Tonight we stay in another Van der Valk hotel, near Zwolle. If anything, it is even cleaner and more attractive than the one in Almere, though a bit more expensive as well.
Breakfast in the hotel wows me. We have become used to the awesome orange juice and nice European style breakfasts but this exceeded my expectations as it offered, I think, a double or triple variety on everything. This breakfast should last for awhile…
In the searches of “the most picturesque places in Netherlands” Giethoorn usually comes out on the top. The village consist of farmhouses standing on small canals, and is sometimes refers to, like so many other places (including Bruges and Amsterdam), as “Venice of the North”. In case of Giethoorn the only things that are really in common between it and Venice is the presence of canals and the prohibition on cars. The village can only be fully accessed by boat, and, most places, on foot. This place was a site for peat harvesting, and the canals were built initially for peat transportation, the soil being too unstable for heavy duty roads. Canals and old houses made it into a tourist attraction in the second half of 20th Century.
We rent a small boat with an electrical motor (very quiet), and ride slowly through the lake, and then through the village via canals. Stirring and making pictures at the same time is not easy, and I made enough steering mistakes to provide for some entertainment for Anne, Toma and innocent bystanders (no humans or animals were harmed during our boat ride, though I think for one duck it may have been close).

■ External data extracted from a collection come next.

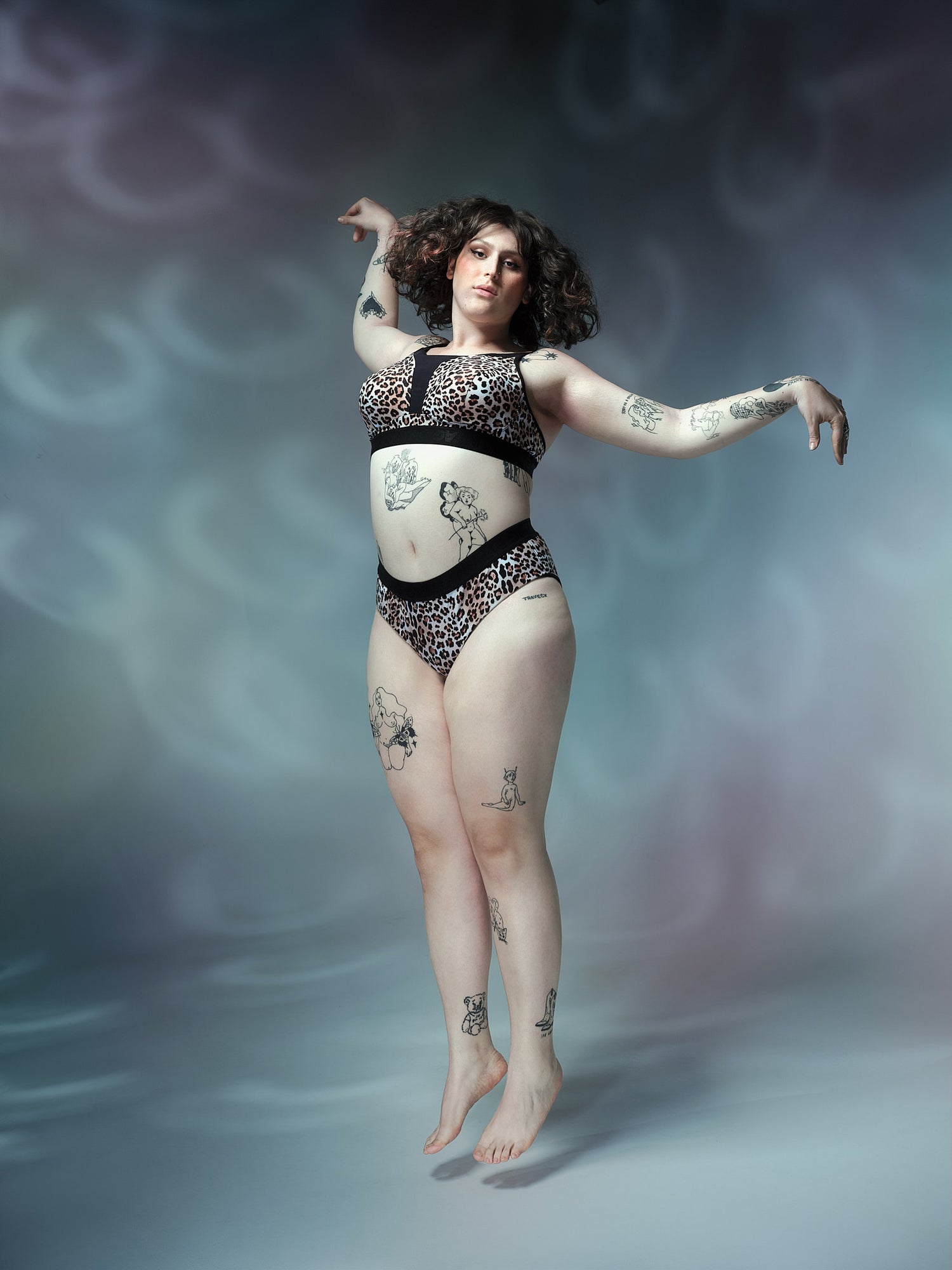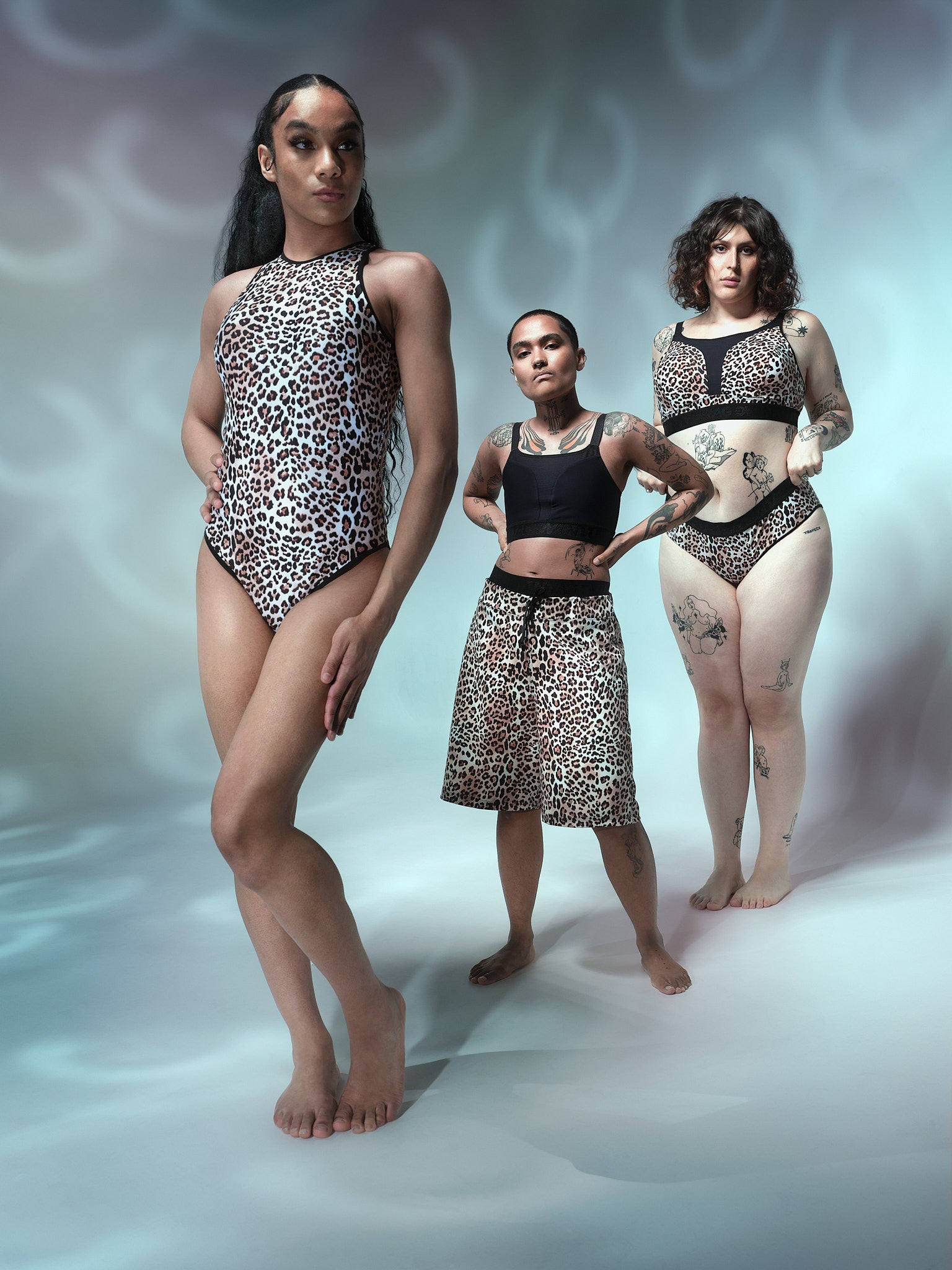 The Leopard Collection consists of six items that were created with inclusivity in mind, serving both trans femme and trans masc communities. At UNTAG, we firmly believe in breaking down barriers between fashion and gender affirmation. Fashion-forward binders and stylish yet functional tucking undies demonstrate that both can coexist seamlessly, empowering individuals to express themselves authentically.
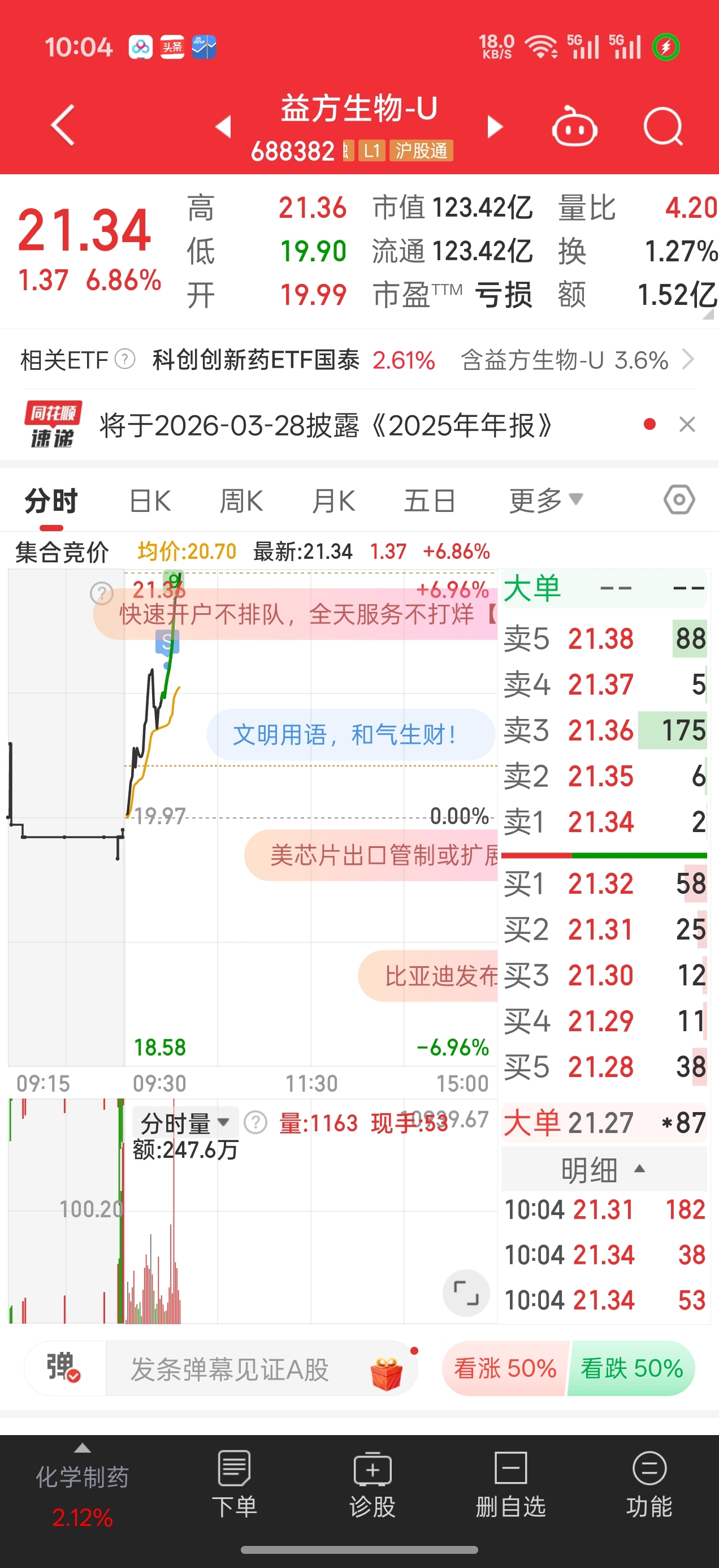 $益方生物-U(SH688382)$ 诶,又卖飞了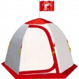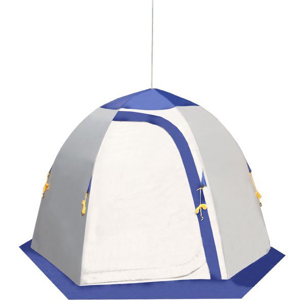 Тент палатки сделан из материала Oxford 210T 3000PU, усилен в нужных местах, швы обработаны клеем. Материал отлично пропускает свет, отталкивает воду, не боится механических воздействий. Комплектуется штормовыми растяжками, отражающими свет. Юбка замкнутая, что гарантирует плотное соединение с поверхностью и не дает ветру попадать внутрь. Вход в палатку большой, на молнии. Два замка помогают быстро расстегнуть или застегнуть молнию, а так же регулируют поступление воздуха при нагреве палатки. Защитные клапаны с липучками по контуру молнии спасут ее от попадания мокрого снега и обмерзания. Вентиляционный клапан сконструирован так, что позволяет находясь в палатке регулировать отток воздуха, а можно и совсем закрыть клапан. Имеется шесть карманов по двум стенкам палатки, в которых разместятся снасти. Эту палатку можно отапливать, соблюдая конечно меры безопасности. В комплект входит сумка, закрывающаяся молнией.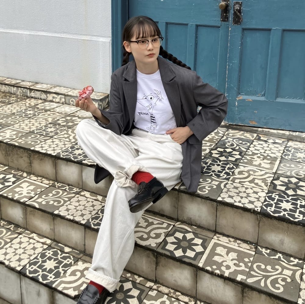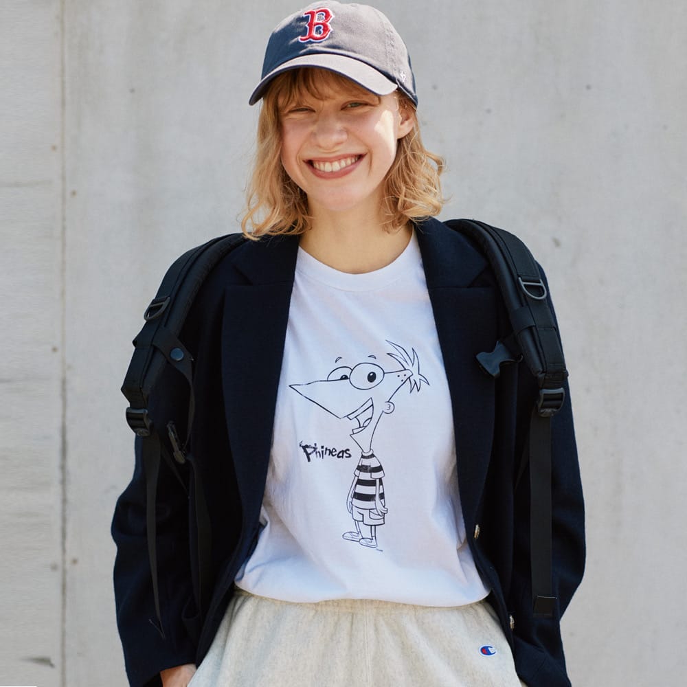 毎日ワクワクするアイデアを思いつく天才、フィニアスの姿をフロントにオン。明るく前向きな性格を彷彿とさせる、ニコニコ笑顔が愛らしい。紺ブレにスウェットパンツ、ベースボールキャップのアイビーテイストなスタイリングには、オーバーサイズのXLがベストマッチ。裾はパンツインとブラウジングで、抜け感を添えて。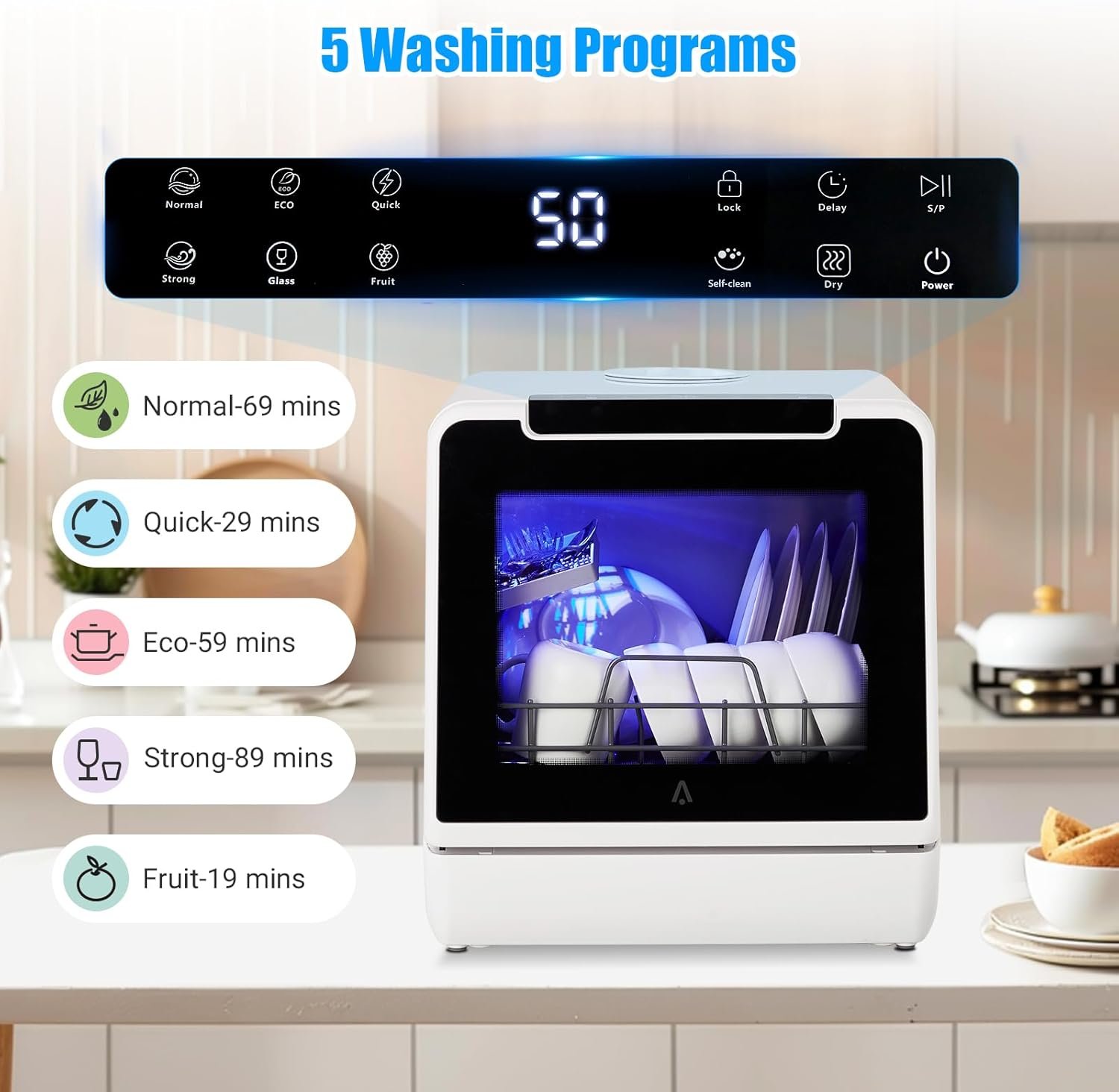 Portable Dishwasher Countertop with 5L Built-In Water Tank, 5 Wash Programs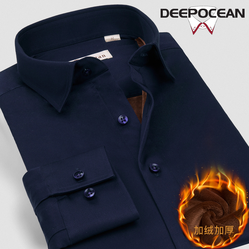 / 冬季加絨加厚保暖襯衫男長袖男士絲光棉商務休閑修身韓版純棉襯衣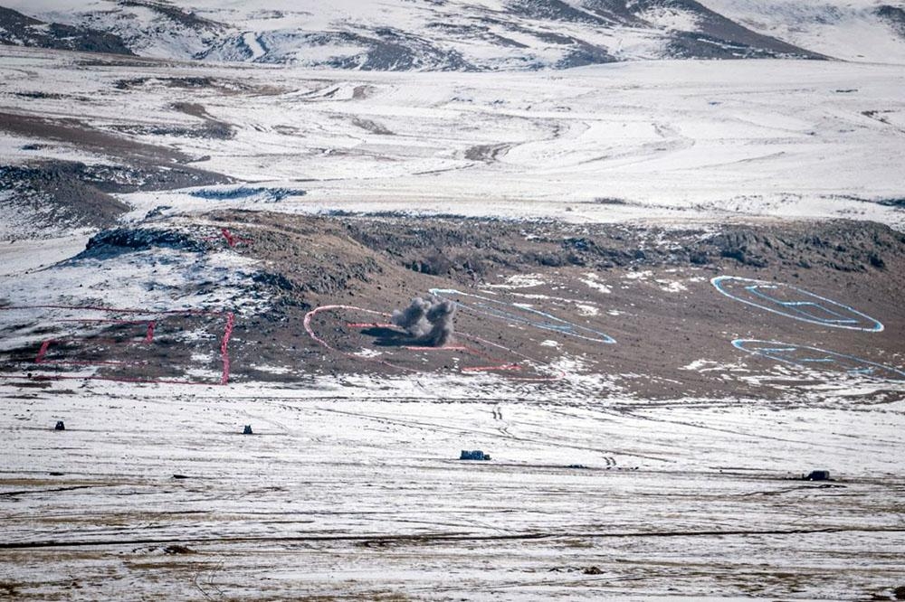Təlimin ssenarisinə uyğun olaraq, artilleriya qurğuları, zirehli texnika, döyüş təyyarələri və helikopterlərdən qeyri-qanuni silahlı birləşmələrin sığınacaqları, texnikası və canlı qüvvəsinin məhv edilməsi üzrə tapşırıqlar yerinə yetirilib.
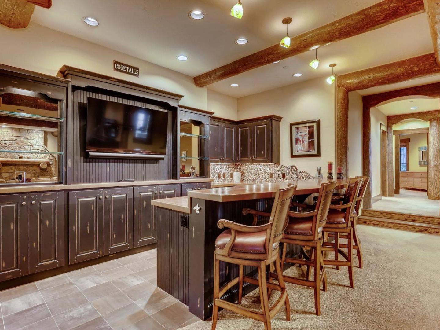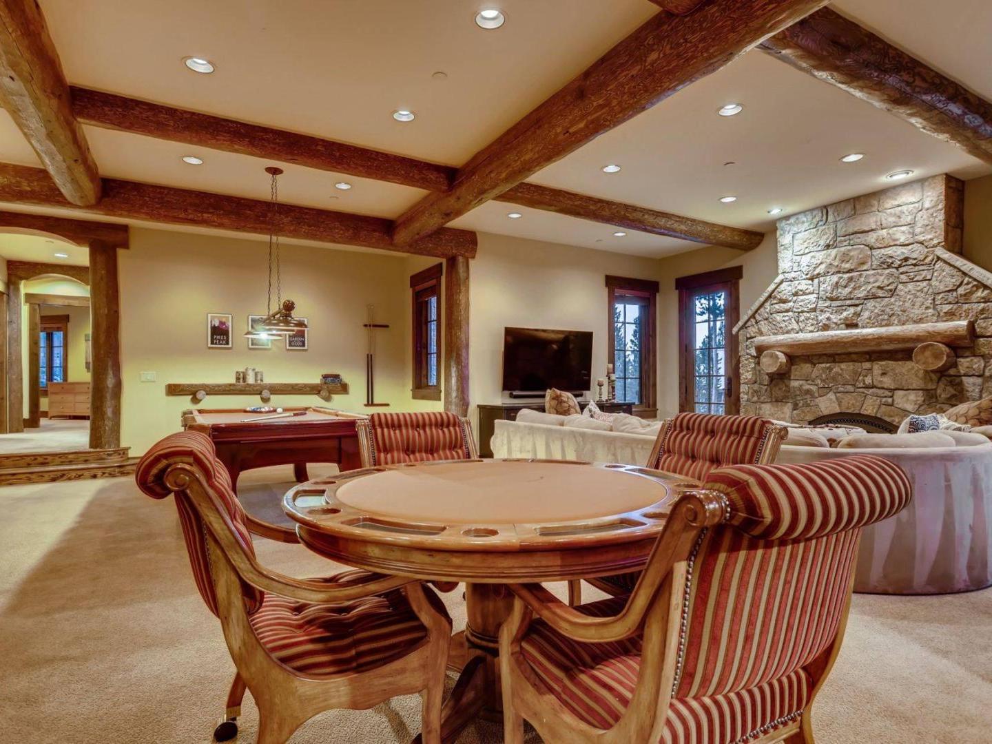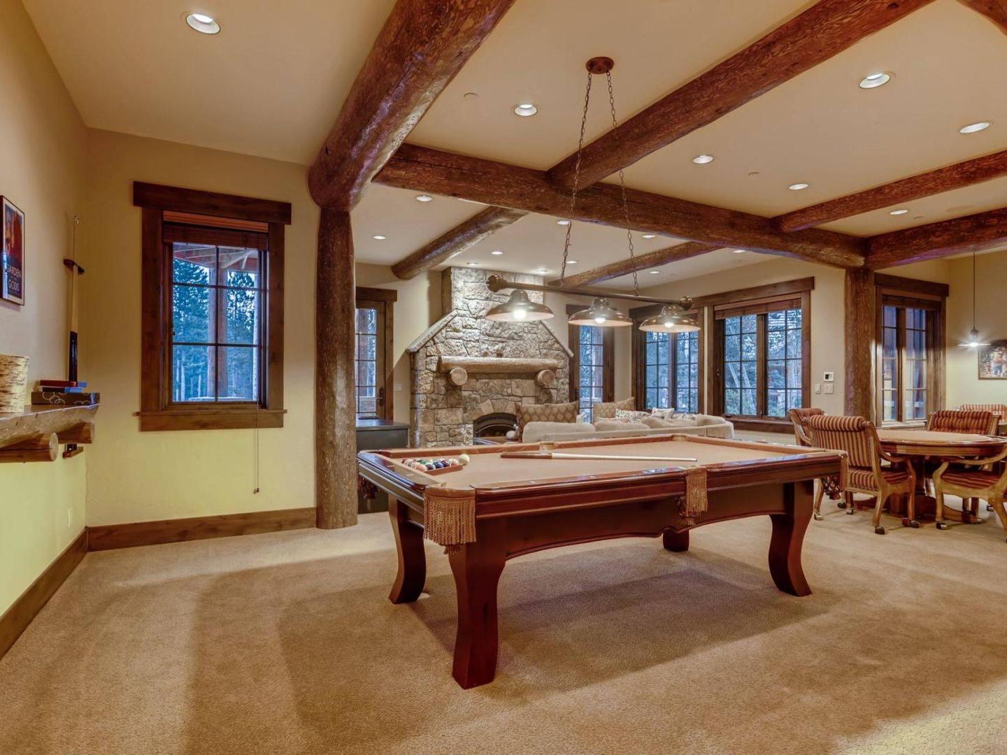 Located on the lower level is a second living space equipped for hours of evening fun. Relax in front of the fireplace while enjoying a game or movie on the large television, break out the cards for some poker at the game table, or play pool on the billiards table in the festive family room. The large wet bar invites the beverage-maker in the group to host the festivities in style. Step out back to find the sunken hot tub and the outdoor fireplace set under the expansive Colorado sky.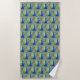 Diviértase al sol y en la playa con esta gran toalla de playa que muestra la imagen fotográfica de un hermoso pavo real azul y su plumaje de plumas coloridas y que se imprime en forma repetitiva.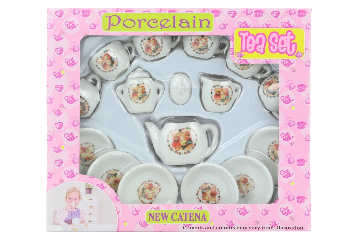 Slatki porculanski čajni set s motivom medvjedića razveselit će sve male domaćice i domaćine. Sadrži čajnik, šalice s tanjurićima i dodatne pribore za savršeni čajni party. Kompaktno pakiranje dimenzija 24,5 × 20,5 × 4,5 cm idealno je za putovanja i spremanje nakon igre. Pogodno za djecu od 3 godine.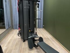 There’s a multi-gym machine making it possible to do seated rows as well as lat pull-downs and there’s also a single cable option with a nice selection of attachments.

There are 180 bridges in this small village, many simply provide access from houses to the walking path.
After the boat ride is over we go through the village, no rush, on foot.
Most of the buildings have thatched roof, made of a thick pressed layer of, probably, water reed. We’ve never seen that type of roof before.
One thing I can say for it, this kind of roof can me made into any shape.
The Netherlands are supposed to be the land of storks, but I have not seen any, and Toma has only seen one from a highway, but here is a stork flying around.
Back to the car, we have only one more tourist attraction to visit, and it is
The history of this place is rather sad. In the ancient times Schokland was a peninsula with some wetlands. People built settlement here during Middle Ages, but draining of the lands contributed to compressing the soil and lowering the ground level.
It is curious sometimes to find out that draining of the water and peat harvesting lowered the ground level in some places in the Netherlands, bringing in more floods and fight with the sea. Sometimes this is the price to pay to have a place to live… It appears the sea levels also generally rose in Middle Ages, possibly due to the end of the Little Ice Age… For example Almere, now a town on a polder, was recently a part of a sea (Zuiderzee), but originally was a lake (“ael meer” translates as “eel lake”)!
At any rate, Schockland gradually decreased in size and became an island, getting smaller and smaller, and constantly struggling with sea storms and devastating floods. About 300 years ago the island became too small for agriculture and turned entirely to fishing, and in 1859 it was officially deemed unfit for living, and the residents were ordered to relocate. Only a few people were left here to tend to the lighthouse. The story goes that the last lighthouse keeper went insane because of the loneliness. The story changed in 20th Century, when Afsluitdijk allowed the Dutch to start draining vast areas of the land. To make a long story… well, a little shorter, Schokland is now surrounded by land. This became the first UNESCO World Heritage Site in The Netherlands, to commemorate the tireless fight of the Dutch people against the sea.
Now the island is surrounded by meadows with grazing cows. These are not sea cows 🙂…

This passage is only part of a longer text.